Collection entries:
● ● ● ● ● ● ●
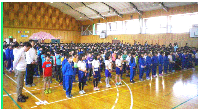
4月28日南小全校集会でご挨拶 ↑ 授業参加 ↓
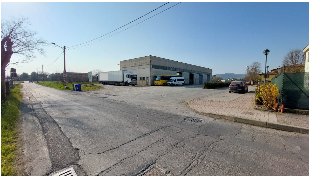
10 - Vista da nord-ovest dell'area
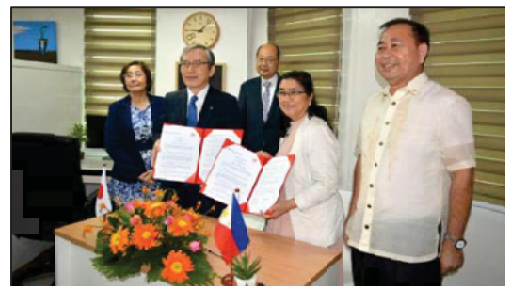
〈フィリピン事務所開所式〉
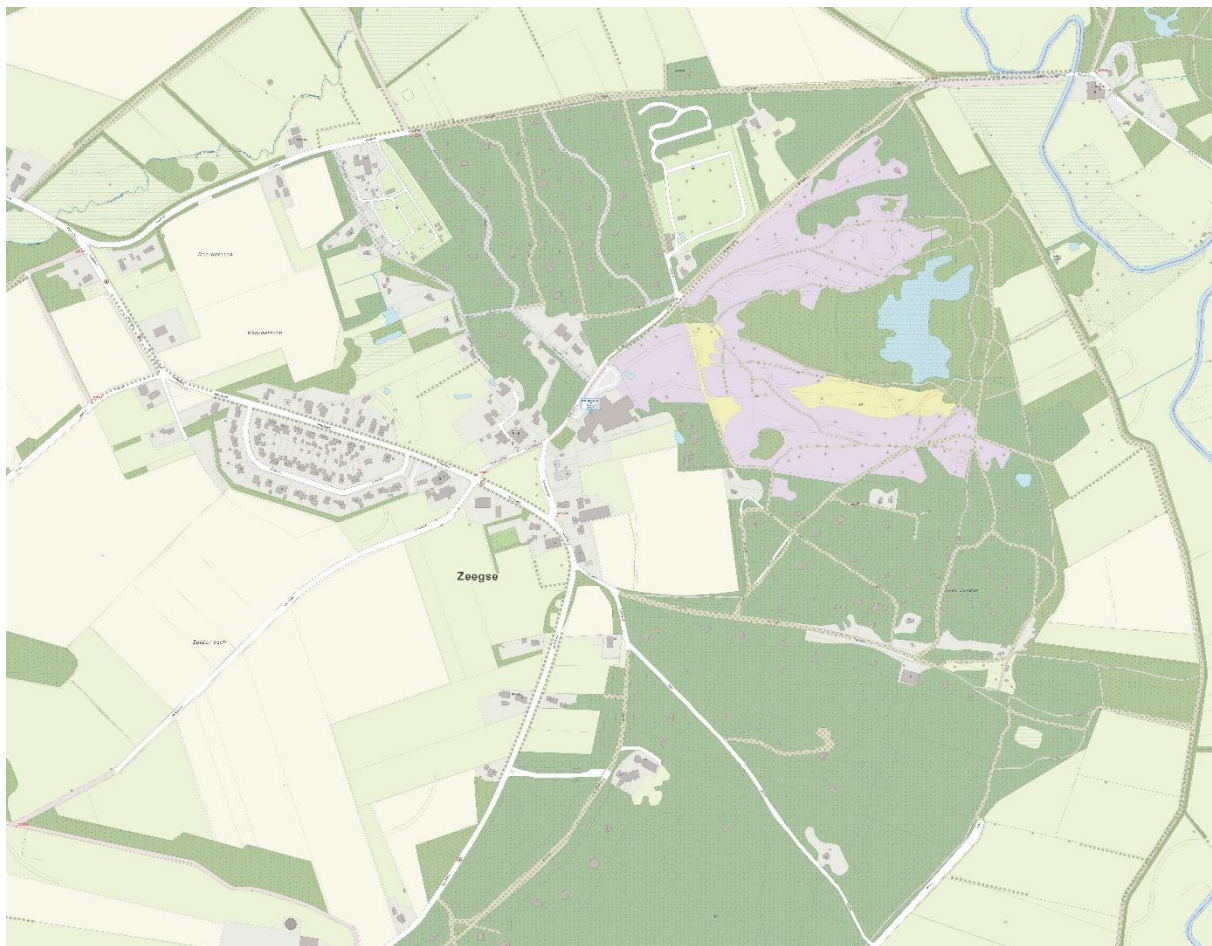
Figuur 1. Topografische kaart 2016

Het esdorp Zeegse maakt onderdeel uit van het nationaal park Drentsche Aa. Vanuit deze doelstelling is er voor de omgeving extra aandacht en bescherming voor de bijzondere natuur en het cultuurlandschap. In het centrum van het dorp bevindt zich een historische brink omgeven door oude boerderijen. Rondom het dorp is een diverse omgeving te vinden met uiteenlopende landschapstypen, zoals een zandverstuiving, natte en droge heide, bos, een beek en een pingeruïne. Deze diversiteit is ook goed terug te zien op de topografische kaart van figuur 1.
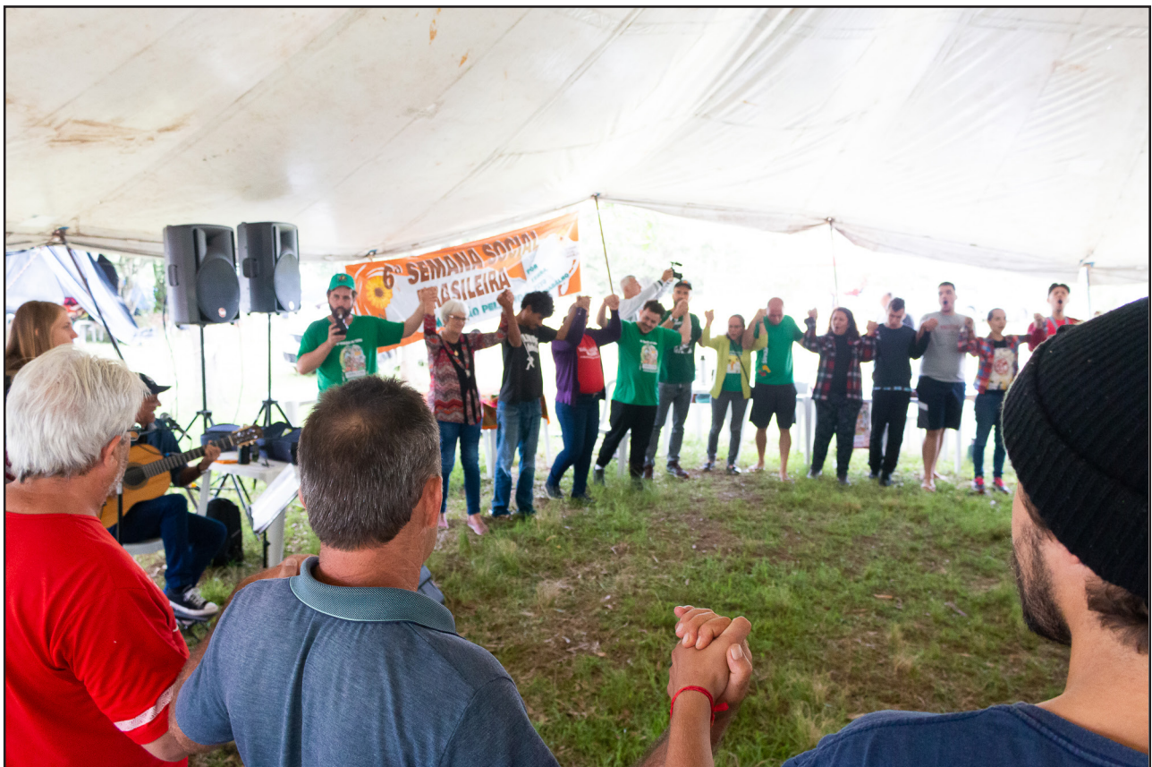
45ª Romaria da Terra, 21/02/2023

- Juventude Camponesa – Existe várias iniciativas de formação de educação no campo com foco no cooperativismo e na agroecologia, com escolas voltadas a esta formação visando o protagonismo juvenil. Com destaque a Escola de Jovens Rurais-EJR na Diocese de Santa Cruz do Sul que há mais de 30 anos prioriza a juventude da roça com um curso de formação de lideranças onde se aborda o Associativismo e Cooperativismo, a Agroecologia e a Organização Social e Política, e claro o eixo Pastoral. Experiência que tem formado muitos agricultores e agricultoras ecologistas, além de lideranças pastorais e ser a chamada “sementeira de lideranças da CPT”.
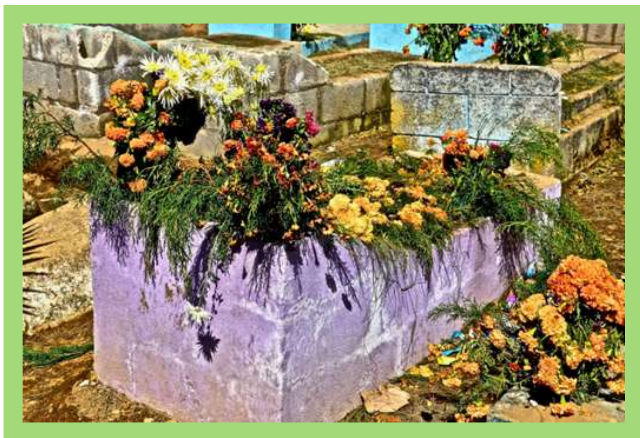
Tumba durante festival de Barriletes en Día de Muertos.
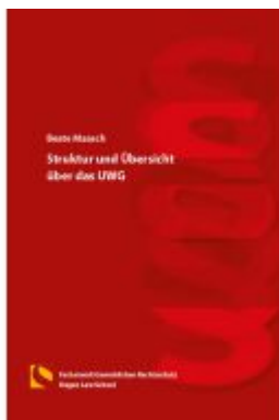
Struktur und Übersicht über das UWG Ladenpreis: 17,50EUR
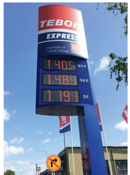
ガソリンも高い 1ユーロ130円

あとは物価の高さがこたえました。高級でもないレストランのランチでも2000円くらいして、クオリティは日本の半分くらいですし、病院の食堂もちょっと残念なランチに1000円弱かかります。ガソリンも高いです(燃費のいい日本車は人気です)。散髪屋も高いです。安いところは中東系の人が経営しているところで、どうも変で、妻からも「中東カット」と呼ばれ不評でした。日本より安いと思えるのは乳製品くらいかもしれませんが、たんぱく源である肉魚は結構高かったです。あとは、iitalaやArabiaなどのフィンランド食器、ヴィンテージの食器が(現地だから)いくら安いようです。妻はアンティークショップや中古品
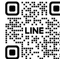
Line official สำนักงานสาธารณสุขอำเภอบ้านฉาง
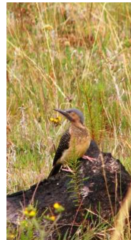
Colaptes rupicola "cangana"
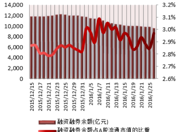
图 2：近三十个交易日融资融券余额及占 A 股流通市值的比重
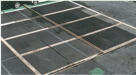
かすれたラインが…
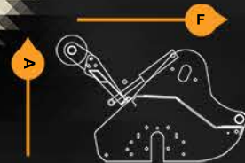
Apertura dell portón hidráulico de 550 mm.
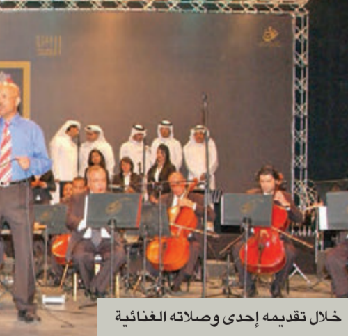
خلال تقديمه إحدى وصلاته الغنائية
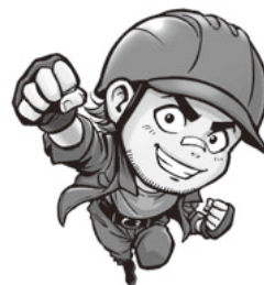
新キャラクターの「シン」

秋から始まる諸運動にあわせて、神奈川土建の新たなキャラクターが登場しました。これに合わせて、組合のホームページをはじめ、ポスターやパンフレットなどの広報宣伝物がいっせいに刷新されます。
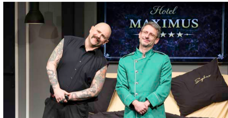
Od lewej: Ktoś i Portier Dany – obaj mają w hotelu wiele do zrobienia
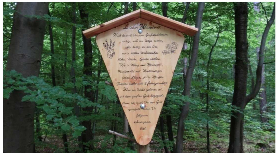
Verhaltensregeln für Wanderer im Hainholz
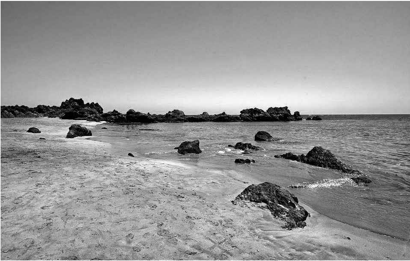
Playa Chica en Puerto del Carmen.
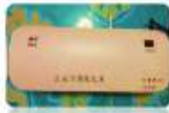
๓.เครื่องเคลือบ
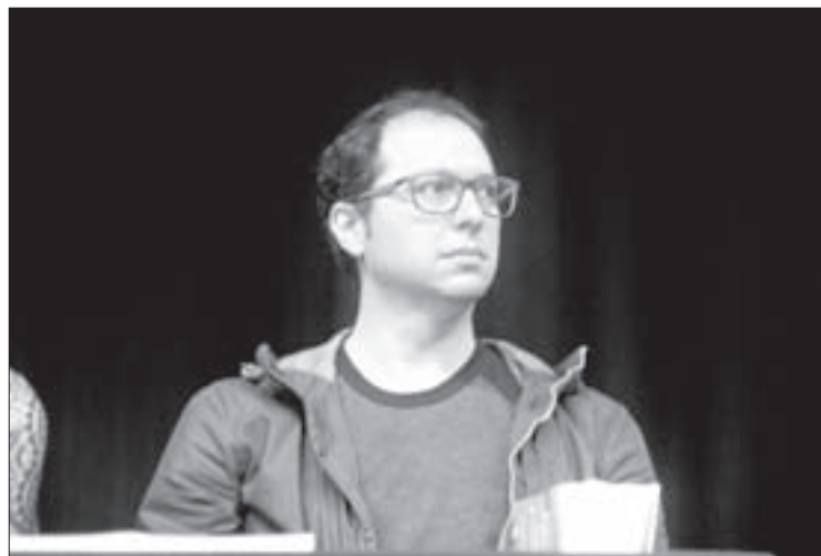
El diseñador participó en el Macrotaller Objeto Comex

El universitario mencionó que en este proceso adquirió mucho conocimiento pues pudo jugar con errores, hecho que le sirve para crecer como persona y futuro arquitecto.
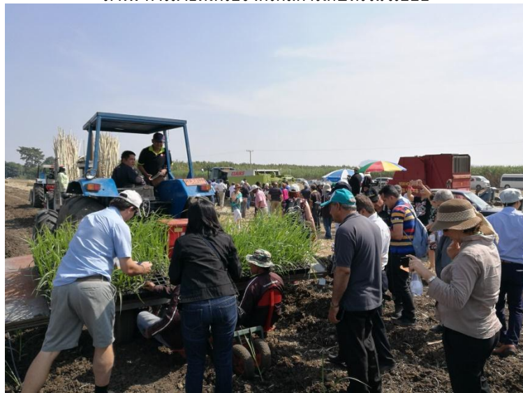
ภาพ: การสาธิตเครื่องจักรกลการเกษตร และพันธุ์อ้อยในอุทยานการเรียนรู้การทำอ้อยสมัยใหม่ครบวงจรสู่ความยั่งยืน

นอกจากนี้ กลุ่ม KTIS ยังได้นำความรู้ ประสบการณ์ และเทคนิคที่ทันสมัยจากประเทศออสเตรเลียมาพัฒนาขึ้นเป็นหลักการการทำอ้อยของกลุ่ม KTIS ที่เรียกว่า "5 Step Plan + 1" รวมถึงนำความรู้ ความเชี่ยวชาญด้านเครื่องมือเครื่องจักรมาต่อยอด พัฒนาเครื่องจักรกลในไร่อ้อยให้เหมาะสมกับสภาพภูมิประเทศ สภาพภูมิอากาศในประเทศไทย อาทิ เครื่องปลูกอ้อยแบบ Sonic เครื่องปลูกอ้อยแบบ Shute Planter เครื่องจักรพรวนดินใส่ปุ๋ย CRB MPI เครื่องตัดอ้อย เป็นต้น และสนับสนุนให้ชาวไร่อ้อยคู่สัญญานำมาใช้ในการทำไร่อ้อยให้ประสบความสำเร็จ ให้มีต้นทุนที่ต่ำลง เพิ่มผลผลิตต้นต่อไร่ อีกทั้งยังช่วยแก้ปัญหาการขาดแคลนแรงงานในไร่อ้อยด้วย
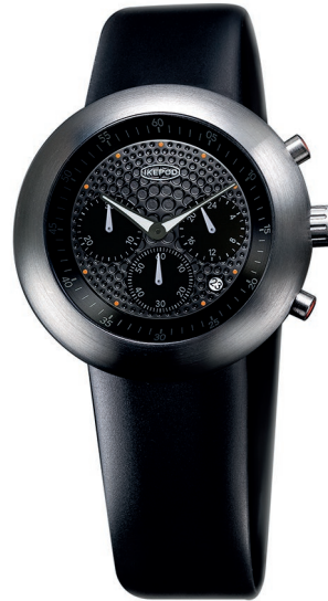
IPC004SILB "BLACK BEAUTY"
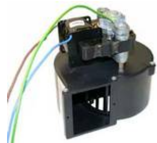
Typ Ventradiaal Ventilator zu HU-25/45/85
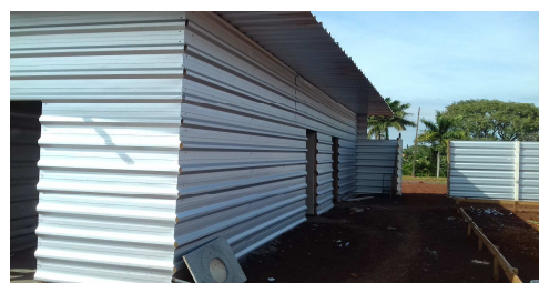
Figuras 9, 10 e 11: Lavatório (imagem a esquerda) e visão geral do barraco de obra (imagens a direita).
● ● ● ● ● ● ●
Repeat the records above exactly, from the first line through the line containing "- Juventude Camponesa", and leave out the pictures.

Solution to this exercise
4月28日南小全校集会でご挨拶 ↑ 授業参加 ↓
10 - Vista da nord-ovest dell'area
〈フィリピン事務所開所式〉
Figuur 1. Topografische kaart 2016

Het esdorp Zeegse maakt onderdeel uit van het nationaal park Drentsche Aa. Vanuit deze doelstelling is er voor de omgeving extra aandacht en bescherming voor de bijzondere natuur en het cultuurlandschap. In het centrum van het dorp bevindt zich een historische brink omgeven door oude boerderijen. Rondom het dorp is een diverse omgeving te vinden met uiteenlopende landschapstypen, zoals een zandverstuiving, natte en droge heide, bos, een beek en een pingeruïne. Deze diversiteit is ook goed terug te zien op de topografische kaart van figuur 1.
45ª Romaria da Terra, 21/02/2023

- Juventude Camponesa – Existe várias iniciativas de formação de educação no campo com foco no cooperativismo e na agroecologia, com escolas voltadas a esta formação visando o protagonismo juvenil. Com destaque a Escola de Jovens Rurais-EJR na Diocese de Santa Cruz do Sul que há mais de 30 anos prioriza a juventude da roça com um curso de formação de lideranças onde se aborda o Associativismo e Cooperativismo, a Agroecologia e a Organização Social e Política, e claro o eixo Pastoral. Experiência que tem formado muitos agricultores e agricultoras ecologistas, além de lideranças pastorais e ser a chamada “sementeira de lideranças da CPT”.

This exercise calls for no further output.